Oisín s’était réveillé sans faire attention au jour. À la date, plus précisément : s’il a conscience d’être un lundi, il n’a pas encore eu cours et donc l’occasion de percuter en inscrivant la date dans le coin supérieur d’une page de notes. Alors qu’il déambule dans les couloirs juste après avoir avalé son premier repas de la journée, ce jour n’est que le premier de la semaine. Quand il voit des affiches accrochées avec régularité sur les murs de quelques couloirs, il s’arrête. Il existe des panneaux d’affichage : ce sont des accrochages sauvages. L’adolescent se pose devant l’une d’entre elles. Le vingt-sept février. Comment a-t-il pu oublier ? Il n’a pas grandi dans le monde sorcier, mais se renseigne et retient précieusement les informations qu’il collecte par ses recherches pour les cours. Le souvenir du goût de la colère suscitée en apprenant l’histoire de Godric’s Hollow est ravivé avec intensité. La force de ces slogans, c’est qu’ils épousent à la perfection ses propres idées. Ce pourrait être, mot pour mot, la retranscription de ses pensées si on lui demandait son avis sur la capitale sorcière. Cette violence, il n’a jamais connu autre chose. Depuis l’instant où il a appris être sorcier, pour l’arracher à ses parents dès le passage au Chemin de Traverse pour les fournitures scolaires. Pour l’arracher à sa baguette aussitôt rencontrée. Il est pleinement aligné avec le propos : cette ville était un symbole puissant, la preuve que sorciers et moldus pouvaient vivre ensemble en paix depuis plus d’un millénaire, la preuve que les deux communautés sont capables de tolérance quand la stratégie politique n’est pas de nourrir la division. Quelque chose de fragile et sublime, détruit par une idéologie abjecte.

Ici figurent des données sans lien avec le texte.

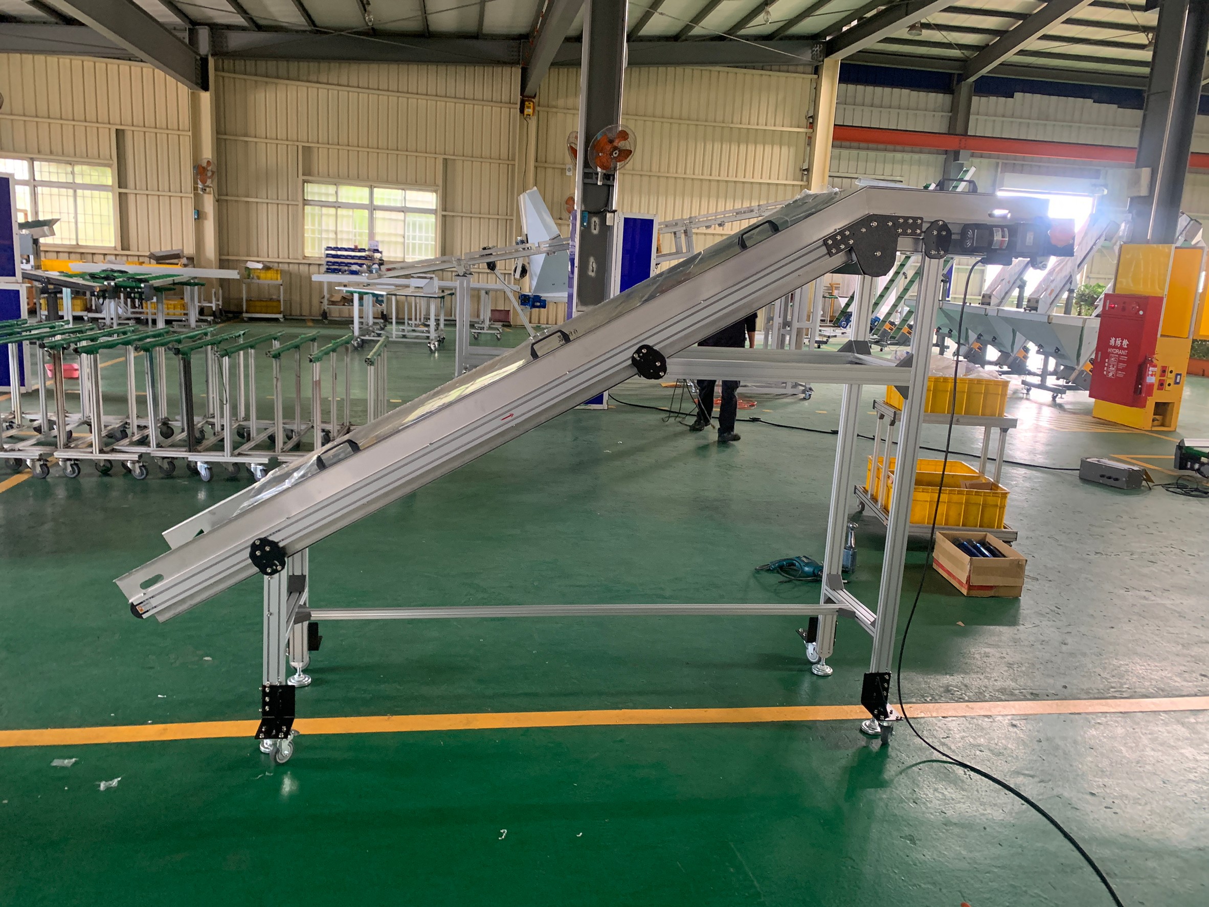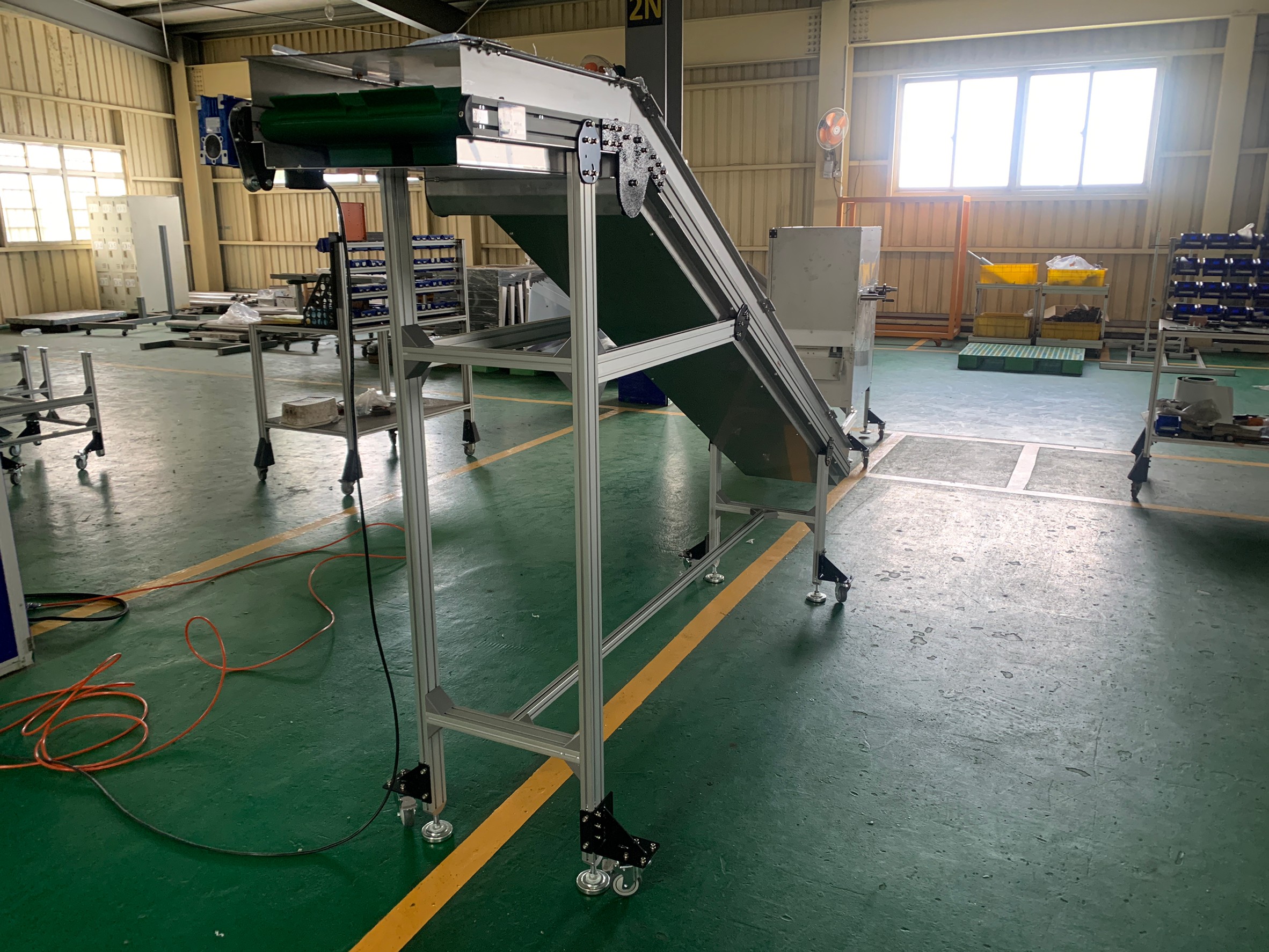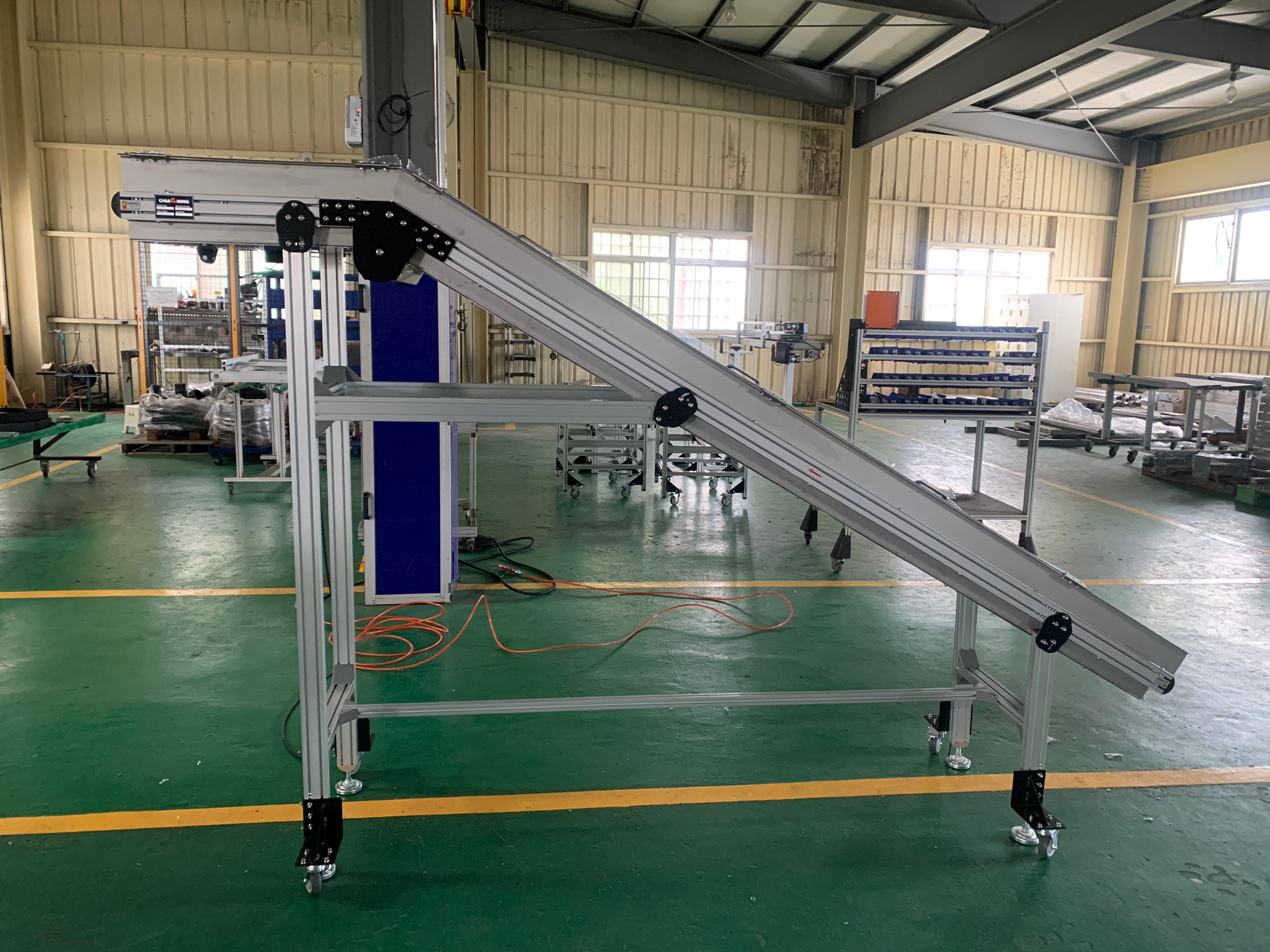 麗晨輸送機械自動化設備Conveyors | 鋁擠型皮帶鵝首式輸送機與瓶胚置料箱

Alors il n’est pas seul. Une personne, ou plusieurs dans le château osent l’exprimer. À la fois, penser à la violence que représente la capitale le fait bouillir, à la fois découvrir des phrases produisant un écho aussi juste en lui réveille un espoir précieux. Un accord, le tintement clair d’une cloche qui répond à la sienne. Son caractère n’a jamais été celui d’un enfant qui se laisse abattre. Il aime trouver la raison de sourire sous la pluie discordieuse. C’en est une. Ses doigts parcourent et tâtonnent sur quelques affiches, recherchent une faiblesse dans le sortilège de glu, réputé plus faible sur la pierre, jusqu’à parvenir à en obtenir une. Oisín lit et relit, en boucle. Jusqu’à ce que les mots deviennent flous. Ému, une larme tombe, il l’essuie sur sa cape. Si elles disparaissent, il tient à en garder une trace. Il doute pouvoir retrouver son auteur, son autrice ? S’il y parvenait, alors ce serait un jeu d’enfant pour les adultes. Son anonymat, peut-être faut-il le respecter. À moins que… se trouverait-il en l’examinant un moyen de contact dissimulé, une stratégie de ralliement ? Même si ce n’est qu’une affiche, elle illumine sa journée, lui donne l’énergie d’encaisser la violence des réjouissances qui seront exprimées aujourd’hui par les mages célébrant cette refondation.

4A 𝄩 PR

28 févr. 2026, 11:52
 Libre  Petites affiches 2.0
J'erre dans les couloirs en attendant que ce soit l'heure d'aller en cours. Comme d'habitude, je m'étais réveillée en avance, j'avais tout fait trop vite, et j'étais largement en avance. Alors que je passe dans un couloir, des affiches attirent mon attention. Quelques élèves passent devant, certains souriant, d'autres sans aucune réaction. La curiosité me pique. De loin, elles ont l'air d'avoir été faites par un ou une élève. Je m'approche, un fois qu'il n'y a plus personne.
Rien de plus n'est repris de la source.